図7のエンボス加工シート40では、半球状の凸部41に加えて円周状凸部42や格子状凸部43も設けられている。円周状凸部42は必須ではないが、半球状の凸部41を変形し易くするので好ましい。格子状凸部43も必須ではなく、代わりにライン状凸部(図示省略)を用いてもよく、デザインに応じて適宜変更できる。
【0036】
この構成によれば、指を動かすと、手袋3の屈曲する部分に貼付されたエンボス加工シート40の半球状の凸部41が凹部になったり凸部に戻ったりして音を生じるので、グリップした時の感触を向上できる。また、手袋を玩具としても使用できる。
【0037】
尚、
図6及び
図7に示す本実施形態では、エンボス加工シート40は、滑り止め層20の上に接着したが、本実施形態ではこれに限られず、手袋本体(編み物層)10に直接接着してもよい。また、エンボス加工シート40は、手袋3の本体部11及び指収容部12a~12eの掌側前面に設けられているが、これに限られず、本体部11及び指収容部12a~12eの一方、または、これらの一部のみに設けてもよい。
【0038】
また、本実施形態のエンボス加工シート40は、シリコーン樹脂性としたが、これに限られず、例えば薄い金属製であってもよい。変形の際に生ずる音が異なるので、違った感触を楽しむことができる。但しその場合、滑り防止のため、滑り止め層20をエンボス加工シート40の上に設けることが好ましい。
【0039】
以上、本発明の実施形態を説明したが、本発明は、上記実施形態に限定されるものではなく、特許請求の範囲、及び明細書と図面に記載された技術的思想の範囲内において種々の変形が可能である。
【符号の説明】
【0040】
1,2,3 手袋
10 手袋本体(編み物層)
11 本体部
12a~12e 指収容部
13a 第1関節対応部分
13b 第2関節対応部分
13c 付け根部分
14 手首収容部
20 滑り止め層
21,22 絶縁性ラバーシート
30 ダイオードユニット
31 ダイオード素子
32a,32b リード線
33a,33b 電極
40 エンボス加工シート
41 半球状の凸部
42 円周状凸部
43 格子状凸部
【要約】
【課題】簡単な構造でフィット感を満足でき、手の保温効果を高めることができ、かつ、グリップが実感できる手袋を提供する。

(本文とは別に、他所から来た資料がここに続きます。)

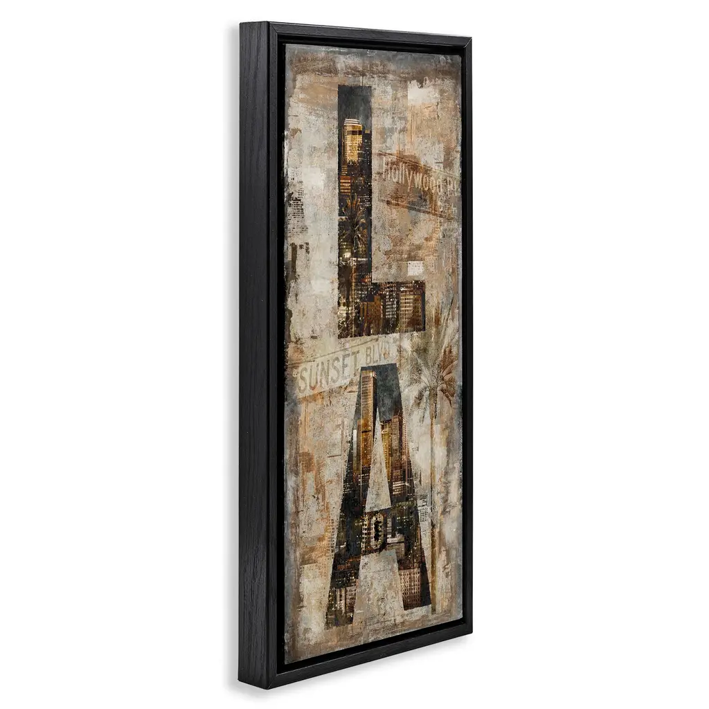 Elevate your home or office to the next level with Stupell Framed Floating Canvas Wall Art. Our premium hand-stretched canvas is mounted securely into a sturdy lightweight frame. The museum-style gap between the wrapped canvas and the box frame gives the illusion of floating artwork. Stupell Wall Art is made in the USA.Features: Dimensions: 11 x 1.7 x 25 Frame, 10 x 1.5 x 24 Canvas ArtFloating Frame Canvas Products are available in sizes 11"x25" and 14"x31". All Floating Frame Canvas Products have a 1.7" Depth.Wall Art is Ready to Hang with Hardware Free Hanging. No Installation required. For Easy Set Up Lean or Layer Artwork on Shelf or Against Wall. Artwork is Permently Fixed into the Frame.Our elevated 1.7" Thick Floating Frame is the perfect complement to our canvas style Wall Art. We use only the highest quality inks in house with industry leading printing solutions. Canvas is hand stretched over a durable wood foundation and then mounted securly into a Modern Box Frame. Made in the USA.Artwork Relates To: Rustic, Urban, Industrial, City, Letters, LADesign by Luke Wilson

【解決手段】着用者の掌及び手の甲を収容する袋状の本体部10と、本体部10から延設されて着用者の各指をそれぞれ収容する鞘状の指収容部20a~20eと、を有する手袋であって、各指収容部20a~20eを、側面視で少なくとも掌側が、長手方向に向かって波形状を有する形状にし、或いは、手袋に装着したダイオード素子31の2つのリード線32a,32bに接続した電極33a,33bを手首に接触させる構造にし、或いは、指を動かすと音を生ずるエンボス加工シートを40貼り付けた。これにより、手袋に、フィット感の向上、血行の改善による手の保温効果の向上、グリップした時の感触の向上という様々な機能を付加できる。